Lenders don't neglect your loan application, whether you are married or divorced. Unfortunately, if you become a widow, even then they can't ignore your application for this reason. But your marital status has a big effect on your ability to qualify for a loan. If your spouse has low credit score or outstanding debts, it could damage your chances to qualify for a mortgage loan. If you're divorced and paying the alimony to your ex, the lender can reduce the loan amount for the reason.

Check out how your marital status can build or destroy your ability to qualify for a home loan:

a. Married - Married couples have huge flexibility at the time of applying for a mortgage. Spouses can join their income if they apply for a loan together. The lenders may approve their application for a larger loan due to their combined income.

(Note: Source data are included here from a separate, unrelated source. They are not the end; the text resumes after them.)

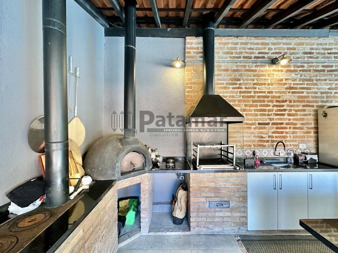 Anexo gourmet envidraçado (retrátil) para vários ambientes, com churrasqueira, forno de pizza, fogão à lenha e cooktop, com bancada, pia, gabinetes e balcão.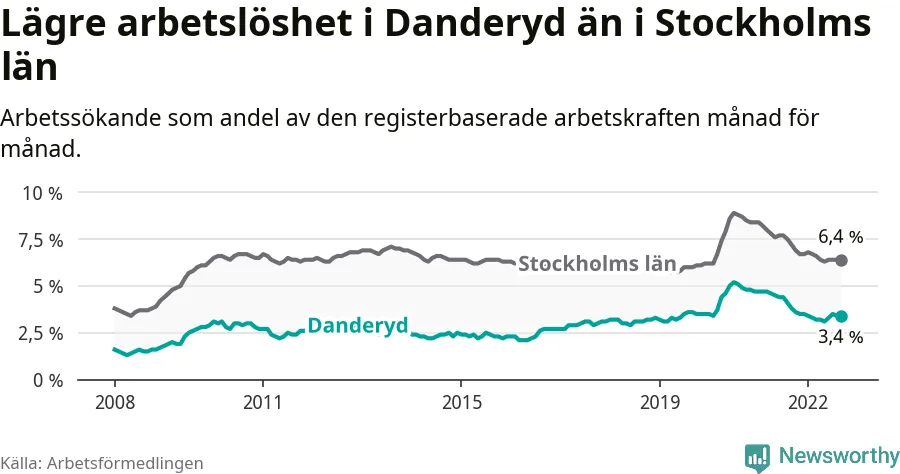 Danderyd hade redan tidigare lägre arbetslöshet än snittet i hela Stockholms län och nu växer klyftan (3,4 procent i kommunen, jämfört med 6,4 procent i hela länet). Ekerö har den lägsta arbetslösheten i länet (3,1 procent), medan Botkyrka har den högsta (11,3 procent). För att Danderyd skulle komma ner i samma arbetslöshetsnivå som Ekerö skulle 43 personer behöva sysselsättas.
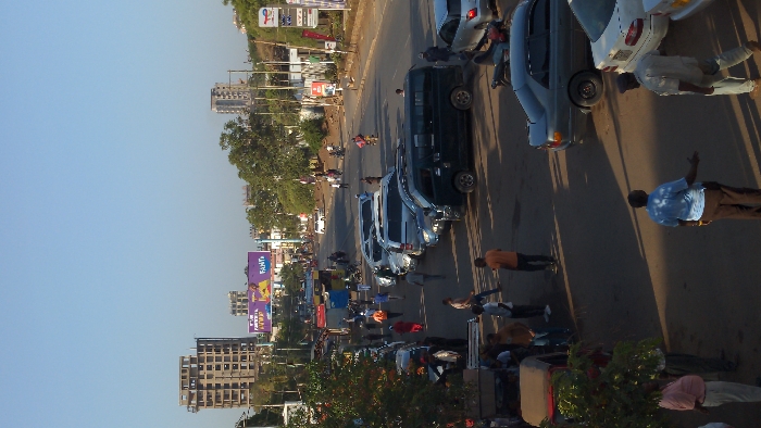 An outdoor street scene with vehicles and people. Cars and a minivan are parked along the side of the road. People are walking and standing around the vehicles. There are buildings visible in the background on the left side, with some billboards and advertisements. The sky is clear and blue.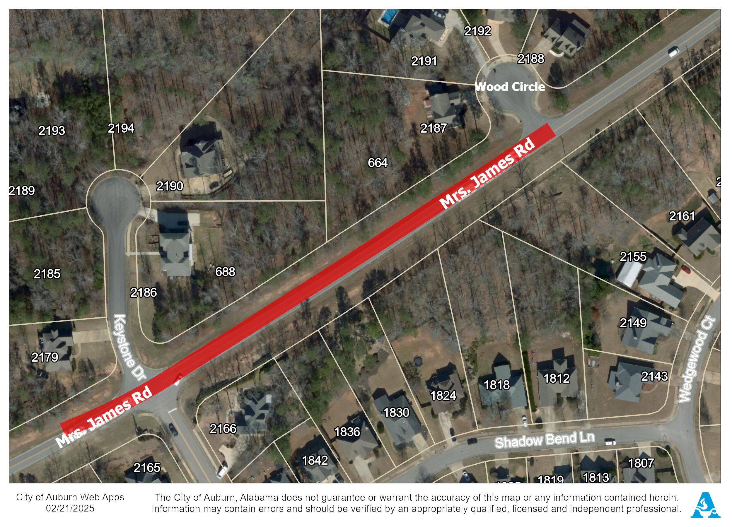 Feb. 21: Auburn, Ala. - Paving work is expected on Mrs. James Road from Wood Circle to Keystone Drive on Monday and Tuesday, Feb. 24-25. Work is expected to take place between 8:30 a.m. and 5 p.m.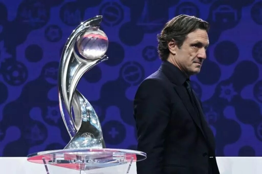 | Le sélectionneur des Bleues, Laurent Bonadei, derrière le trophée de l'Euro-2025 féminin de football lors du tirage au sort le 16 décembre à Lausanne. |
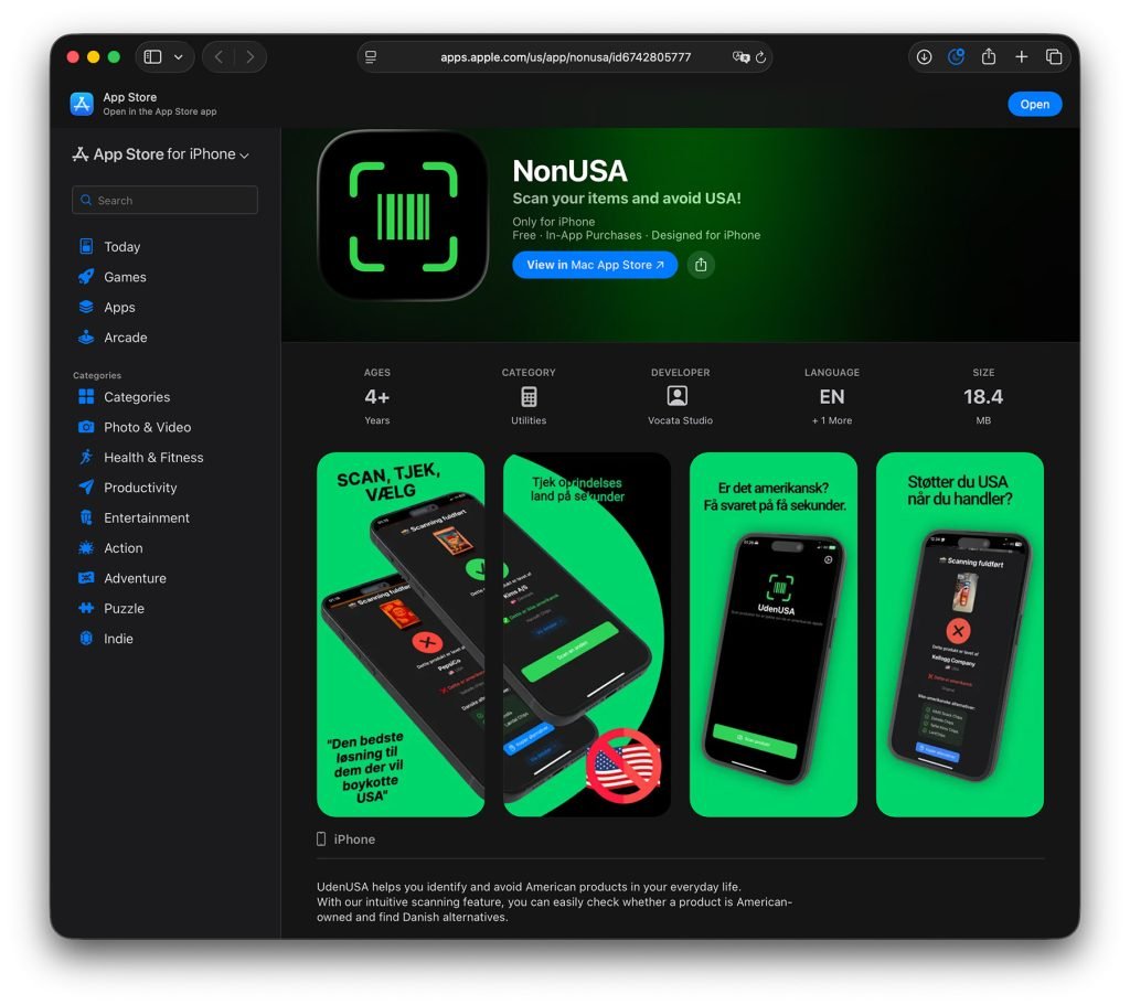 近几天,两款名为NonUSA(UdenUSA)和Made O’Meter的应用在丹麦App Store(同时服务格陵兰用户)下载量激增。
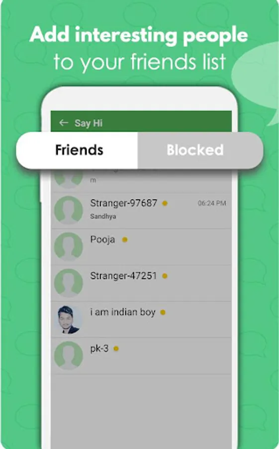Make new friends on Random chat. No account login is required. Just find the perfect match and add them to your friends list and keep chatting.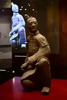 The key exhibits include three Qin terracotta warriors, which are national first-class cultural relics and are on display in Hong Kong for the first time. They include the highest-ranking senior military officer figurine unearthed from the Qin Terracotta Warriors and Horses Pit, a kneeling figurine presumably playing a musical instrument, and a kneeling archer figurine with red paint still visible on its armor dating back more than 2,000 years. The three Qin terracotta warriors are placed independently in transparent display cases with glass on all four sides in the exhibition hall, allowing visitors to appreciate them carefully from multiple angles.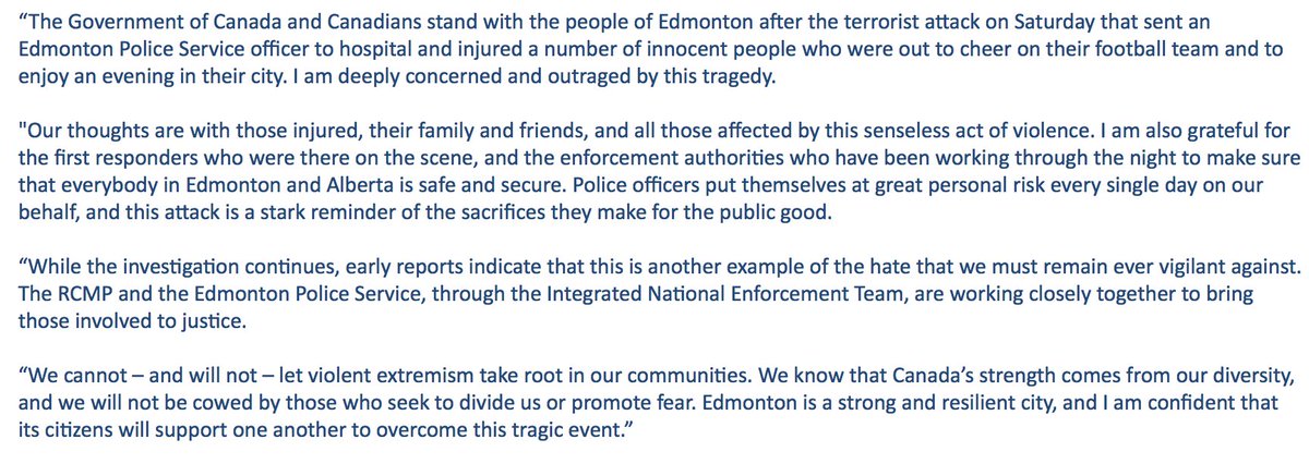 MORE: @JustinTrudeau: “Canadians stand with the people of Edmonton." http://abcn.ws/2fBABee pic.twitter.com/R1Nr9r6IZH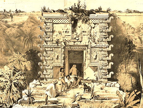 Above left: Gateway of the Great Teocallis, Uxmal, by Frederick Catherwood, 1844. Above right: Gateway of Casa del Gobernador, Uxmal, by Frederick Catherwood, 1844. Maya Civilization, 500 C.E. - 950 C.E..; located in Puuc Region, 62 km south of Merida, Yucatan, Mexico. Elevation is c. 53 meters (175 feet) above sea level. Materials: stone. Data for CG model: |

Being married can cause problems too. At the time of application, your lender will only consider the lowest middle score between both of you. For example, if you’ve FICO credit scores of 760, 720 and 700, but your partner has 680, 520 and 660, the lender will only consider the score 620 while determining your qualification and interest rate:

Keeping this in mind, you need to decide whether you’ll apply for the mortgage loan together or not. If your spouse has a very low credit score, it’ll not be a good idea to jointly apply for a loan. The reason is that the lender might unapprove the loan application as one of the credit score is below their expectation.

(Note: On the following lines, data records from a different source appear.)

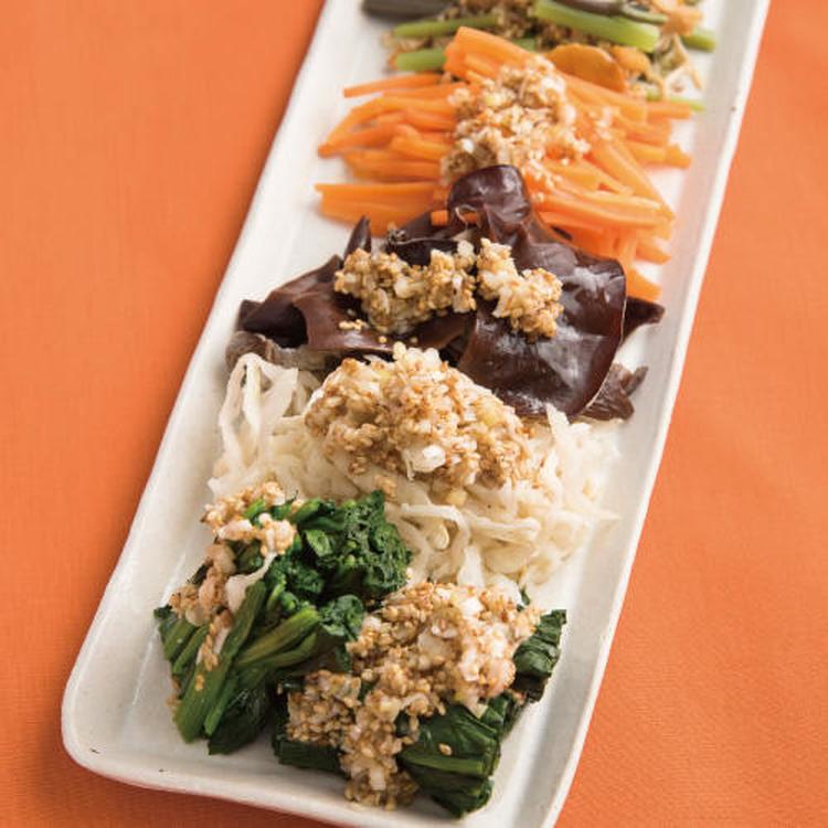 Aを食材別にまとめて耐熱容器に入れ、(1)を回しかけてラップをし、電子レンジ500Wで2分加熱して、器に盛り温かいうちにいただく。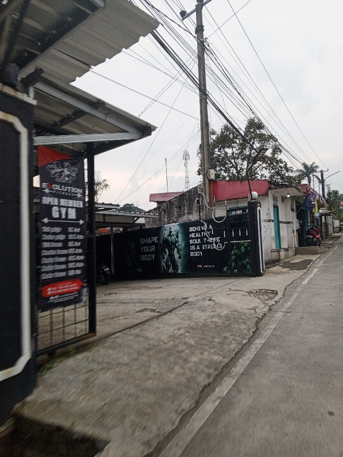 This image depicts a street scene in Kheda, India, under an overcast sky. In the foreground, a concrete pathway, exhibiting cracks and wear, leads into a commercial property. To the left, a black metal gate with a corrugated metal awning displays a banner for "EVOLUTION FITNESS OPEN MEMBER GYM," detailing membership information. Further inside the property, a larger black metal sliding gate features a graphic of a muscular figure alongside text reading "SHAPE YOUR BODY" and "BEHIND A HEALTHY SOUL THERE IS A STRONG BODY." To the right of the entrance, an asphalt road slopes gently uphill. A prominent utility pole, densely covered with numerous black electrical and communication wires, stands in the midground, with a street light affixed to it. Behind the pole and gates, several buildings are visible, including a white structure with a red roof section and another with a light blue door. A red scooter is parked further down the street on the right. In the background, a cellular communication tower is discernible, along with various trees and sparse vegetation. No individuals are present or engaged in activities within the frame.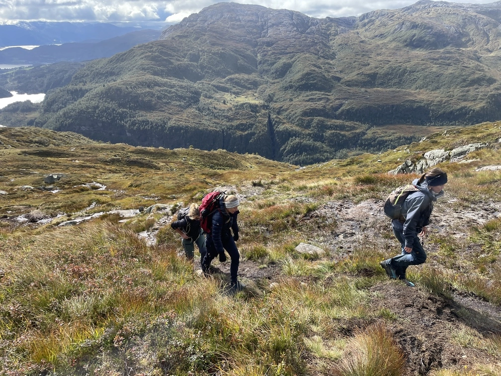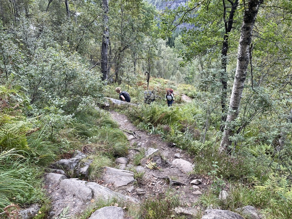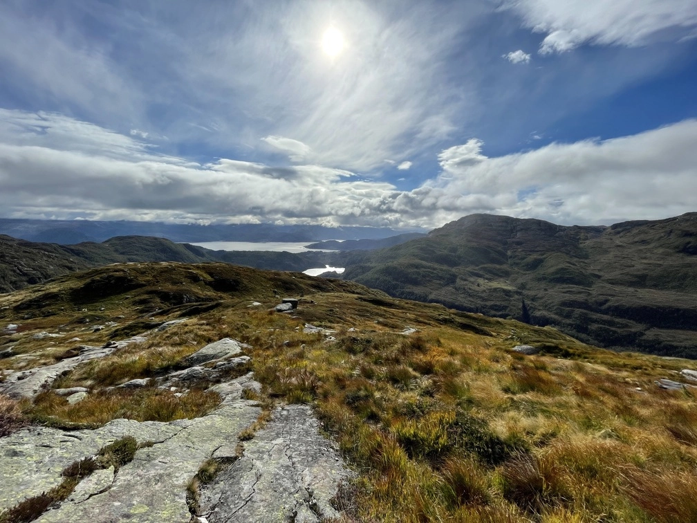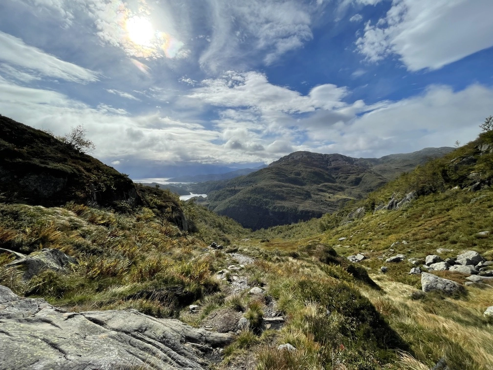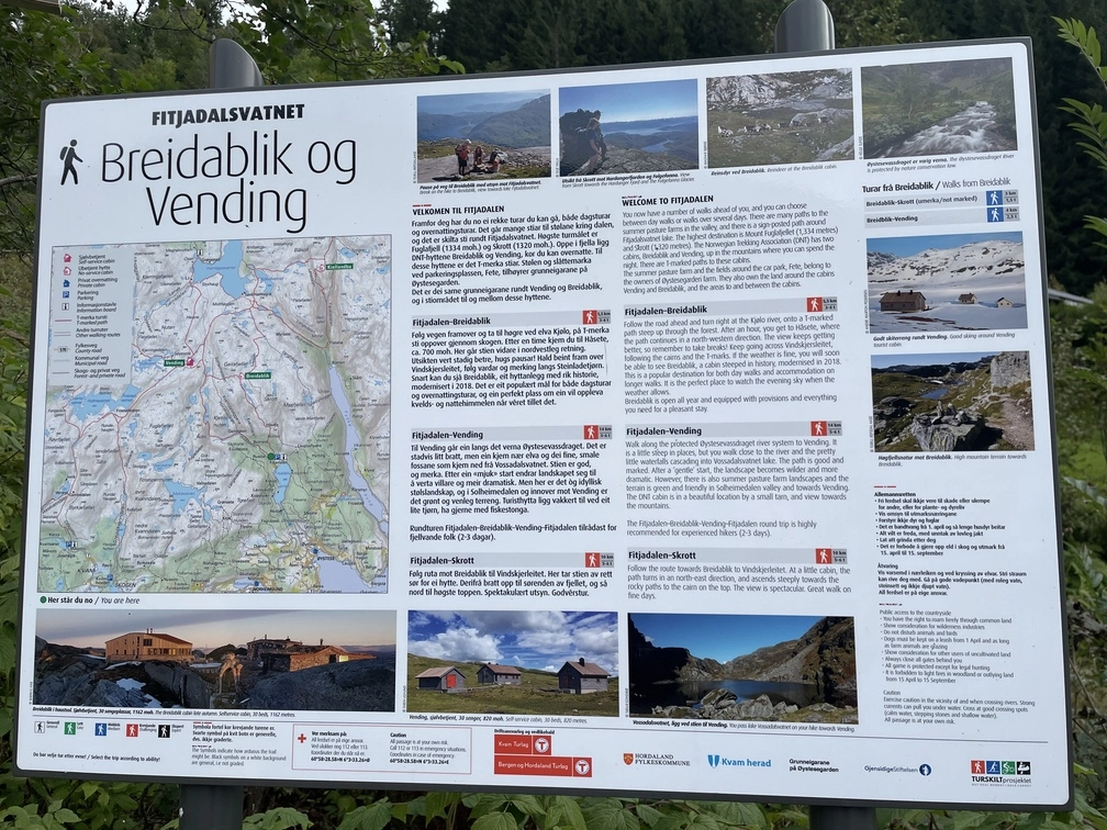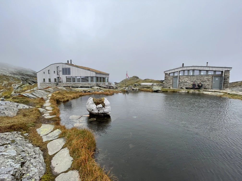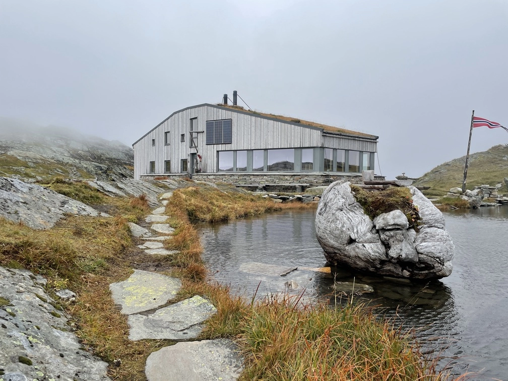 Du kan nå se fjellet Skrott på din høyre side og du kommer til nytt stikryss. Her skal du gå rett frem via Vindskjersleitet. Nå er det bare å følge T-merket sti rett frem på venstre side av vannene til du ankommer hytten.

b. Divorced - Lenders don't appreciate being divorced at the time you apply for a mortgage loan. Lenders normally check your income and debts. It means they’ll select the only party who can afford a mortgage.

These regular payments will factor into your debt-to-income ratio. Lenders will consider that your total monthly debts (including your new mortgage payment) should be equal but not more than 43% of the gross monthly income. If you add child-care and alimony payments along with it, your DTI will be increased. Then you might have difficulties to find a lender who’ll agree to approve your loan application.

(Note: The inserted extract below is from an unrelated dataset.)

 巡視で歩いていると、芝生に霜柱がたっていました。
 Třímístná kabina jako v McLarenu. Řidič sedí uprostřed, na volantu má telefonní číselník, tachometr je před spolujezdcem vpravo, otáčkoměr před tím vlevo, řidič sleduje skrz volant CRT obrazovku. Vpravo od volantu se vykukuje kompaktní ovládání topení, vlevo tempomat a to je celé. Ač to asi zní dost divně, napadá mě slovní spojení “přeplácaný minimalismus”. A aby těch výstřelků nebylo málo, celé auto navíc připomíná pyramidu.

If you are getting every alimony payments each month, you can utilize this amount as an “income” and help yourself to qualify for a mortgage loan. You need to get these payments for at least 6 months and the payments must be scheduled to continue for at least next 3 years from your spouse.

c. Single - Being single isn't a bad thing. As long as you’ve sufficient funds to support yourself, you can qualify for a loan. But unlike a married couple, being a single person, you don’t have the facility to add another borrower's income to help you to qualify for the big mortgage loan.

But single buyers aren’t totally losers. Being a single buyer, you can add a co-signer, usually a relative - to support you financially. In such a situation, your co-signer must agree to pay for the mortgage installments on your behalf if you fail to do so. This reduces the headache of the lenders, regarding the monthly payment continuation.

But single borrowers must be careful also when adding a co-signer. If somehow you miss your payments, your co-signer will get a hit on his credit. If you, by any reason stop paying your part of the money, then your co-signer may also stop the payments.

There must be an understanding that both of you will be responsible for paying the monthly mortgage payments. If one of you is facing any kind of financial hardships, like a financial crunch or unemployment or death, the other will be responsible for the due payments.